The road goes by two glaciers Fox Glacier and Franz Joseph.  Both glaciers were covered in clouds but we did see the back side of Mt. Cook.

We stopped in the busy tourist town of Franz Joseph for a chicken pie and an enormous slice of quiche.  We debated driving 5 km to the glacier viewing point, but given the clouds, the crowds and tourbusses and the $5/hr parking fees (again I stress, New Zealand national parks do not charge entrance fees, we're just cheap) we decided against it.


Instead we drove on to our destination, the small town of Okarito (permanent population of 35) and checked in at the very well run community Holiday Park.  And inexpensive at $36 NZ.


We checked out the town


and reserved kayaks for the Okarito Lagoon the next day.  We wanted to reserve for another kiwi hunt but a sign on the shop said that the tour was filled for the next three days.



Okarito is an old goldrush town and there's a few old buildings remaining.

General Store

The old schoolhouse has been converted to a bunkhouse and it was full with volunteers who come every year to remove gorse from the Lagoon.

Schoolhouse on the right, war memorial on the left.

Just past the schoolhouse is a trail (ahem, track in New Zealandese) to a boardwalk on a marsh and then up the hill to the "trig"  (survey point at summit).

The marsh was quiet in the afternoon


but the hike up the hill was full of birdlife.  Maybe because the trees were in blossom.


Bellbirds were not only singing but also peeking out of the shrubbery.


Tui were feasting on blossoms.


This tree is referred to as the "Christmas tree" because of its red berries and evergreen foliage:


The robins were as bold as ever.


We met up with some hikers who told  us there were kea at the summit but when we got there they had moved on.  Nice views, though, of the ocean, the lagoon


and the town below.  On our return trip we saw yellow-crowned parakeets flying overhead (lifer!)
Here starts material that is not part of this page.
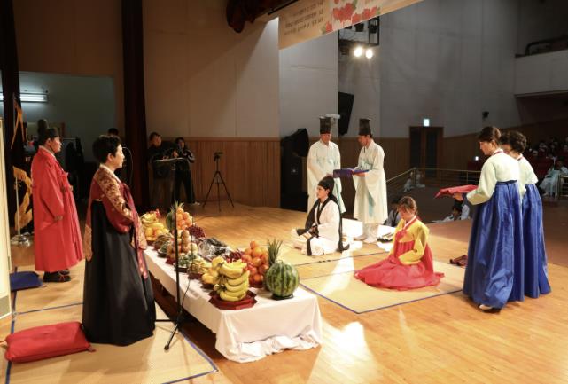 홍주향교 이철학 전교님의 주례와 꽃맘 월전 권혜숙님을 계자빈으로 모시고 성년자를 대표해 유통경영학과 유시현군과 간호학과 이수경양이 관자와 계자를 맡아 진행됐다.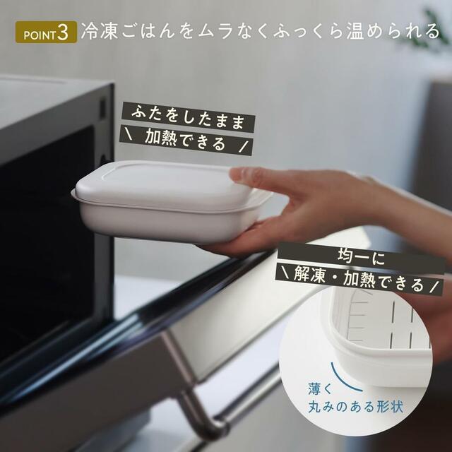 本商品は、ごはんをふっくらおいしく解凍できる設計が特長。すのこパーツで余分な水分が下に落ちてご飯のべたつきを防ぎ、薄く丸みのある形状でムラなく加熱できるので、まるで炊き立てのような食感がよみがえります。

The Kayak rental guy told us that the marsh would be very birdy in the evening so we went back after dinner but it was still deadsville.

So we walked out to the beach


-and found a single photogenic great egret (kotuku, white heron) standing in the current.


Just as the sun was setting


We saw 5 Kea flying over to the campground where quite a crowd was gathering.



They put on quite a show for us, cavorting in the ??? trees and we finally got some closeup views.


They were not a nuisance however, and they run a pretty tight ship at the Okarito Campground - you'd probably get banned if you fed them.

Bird of the Day!

Thursday, May 14, 2026

Driving to Haast

 

Viewpoint on Lake Wanaka

The next morning we drove north towards Haast on the west coast of the island.  We drove along two large lakes, Lake Hawea and Lake Wanaka and then up over the Haast Pass.  This was reputed blue duck and and rock wren territory so we stopped at every river pullout to check but no luck.

No blue ducks at the Blue River

We hiked into the Blue Pools on the Blue River through really beautiful red beach forest


So did every other tourist driving over the Haast Pass.


Really big tree ferns.

 
Saw this bush with unusual blue berries:


We crossed the suspension bridge


and arrived at the ponds.


The pools were really really blue.  There were lots of people swimming in the pools despite the picture above.  On the way back a woman spotted a rifleman

Actually a riflewoman (female)

And we got some great closeup views.

Further down the road was a trail to Thunder Creek Falls.



And later we stopped at the Haast River to check out Roaring Billy Falls.

We were so unimpressed we didn't take a picture, but the Haast River was quite beautiful.

A tour boat on the Haast River near Rocking Billy Falls

Shortly thereafter we arrived at Haast and checked into the Haast Lodge, a combination rv park, motel and hostel.  We did our laundry and hung out in the kitchen/lounge that was housed in a huge barn like structure.

Later we walked through town (very small) and 

Fun times in Haast

partway down the Kokako track through another beautiful beech forest.

On the Kokako Track

We came along a mixed flock of sivereyes, gray gerigones, fantails and at least one rifleman.